Start of GIVEN DATA

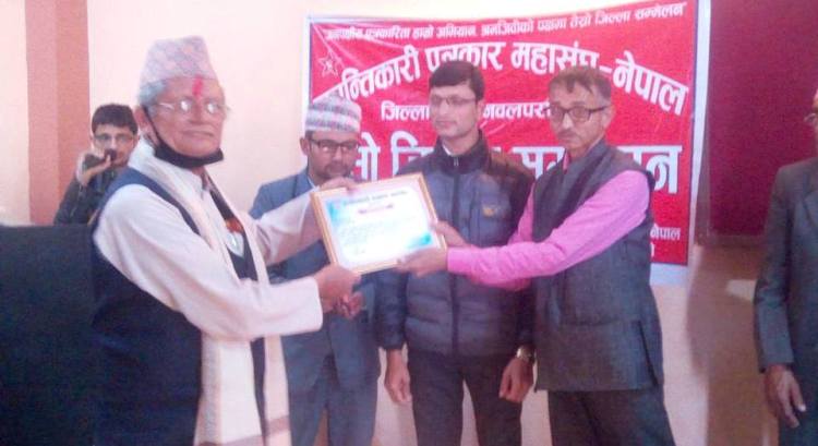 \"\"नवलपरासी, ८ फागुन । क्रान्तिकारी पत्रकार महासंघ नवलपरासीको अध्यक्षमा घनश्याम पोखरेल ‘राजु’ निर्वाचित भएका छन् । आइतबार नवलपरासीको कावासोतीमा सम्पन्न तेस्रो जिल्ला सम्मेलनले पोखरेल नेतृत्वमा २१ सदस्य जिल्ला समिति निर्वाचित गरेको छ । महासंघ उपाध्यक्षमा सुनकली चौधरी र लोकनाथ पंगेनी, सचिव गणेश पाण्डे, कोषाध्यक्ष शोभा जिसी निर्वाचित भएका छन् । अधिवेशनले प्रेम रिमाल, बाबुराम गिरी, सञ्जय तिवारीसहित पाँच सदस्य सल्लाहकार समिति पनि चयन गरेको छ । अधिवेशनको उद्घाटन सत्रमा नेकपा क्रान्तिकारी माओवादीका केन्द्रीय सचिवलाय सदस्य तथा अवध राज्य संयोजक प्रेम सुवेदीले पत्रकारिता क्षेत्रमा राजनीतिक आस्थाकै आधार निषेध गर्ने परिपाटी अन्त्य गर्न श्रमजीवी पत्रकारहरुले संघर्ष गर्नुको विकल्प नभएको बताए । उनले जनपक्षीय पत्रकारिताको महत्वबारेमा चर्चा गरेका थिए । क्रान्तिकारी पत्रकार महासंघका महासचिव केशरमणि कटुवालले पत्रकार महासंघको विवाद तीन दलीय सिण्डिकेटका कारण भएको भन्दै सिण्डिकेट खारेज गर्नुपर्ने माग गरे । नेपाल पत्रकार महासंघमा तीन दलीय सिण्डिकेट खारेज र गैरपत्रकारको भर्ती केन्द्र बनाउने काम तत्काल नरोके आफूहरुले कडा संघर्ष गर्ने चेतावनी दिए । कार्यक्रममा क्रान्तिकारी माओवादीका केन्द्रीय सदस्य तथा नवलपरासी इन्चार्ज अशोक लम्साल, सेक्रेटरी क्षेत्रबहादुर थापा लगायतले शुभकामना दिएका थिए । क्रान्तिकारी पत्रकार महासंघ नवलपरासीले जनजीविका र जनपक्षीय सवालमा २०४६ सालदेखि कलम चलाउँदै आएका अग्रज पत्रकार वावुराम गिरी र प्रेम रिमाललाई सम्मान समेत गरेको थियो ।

End of GIVEN DATA
Start of GIVEN DATA

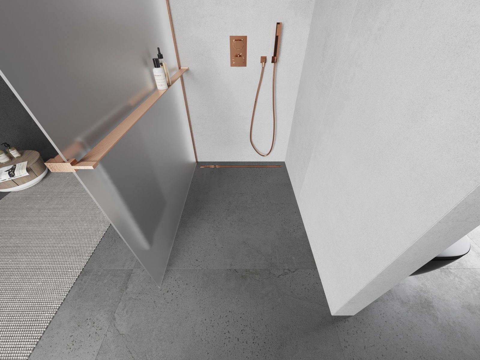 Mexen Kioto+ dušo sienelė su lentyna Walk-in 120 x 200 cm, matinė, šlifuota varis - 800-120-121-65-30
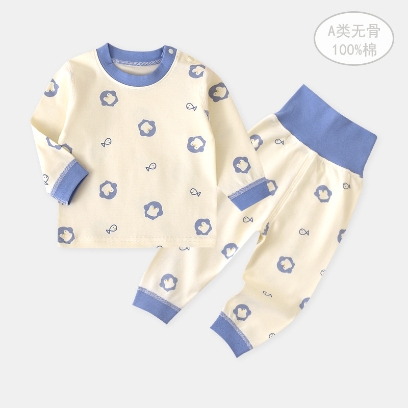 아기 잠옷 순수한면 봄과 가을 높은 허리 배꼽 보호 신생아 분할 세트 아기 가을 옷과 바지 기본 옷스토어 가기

End of GIVEN DATA

- [AIM OF THE EXERCISE]: In the listing above, find the line with "Mexen Kioto+ dušo" and the line with "아기 잠옷 순수한면 봄과". Copy both of them and every line between, exactly, but not the pictures.

- [FINISHED EXERCISE]:
 Mexen Kioto+ dušo sienelė su lentyna Walk-in 120 x 200 cm, matinė, šlifuota varis - 800-120-121-65-30
 아기 잠옷 순수한면 봄과 가을 높은 허리 배꼽 보호 신생아 분할 세트 아기 가을 옷과 바지 기본 옷스토어 가기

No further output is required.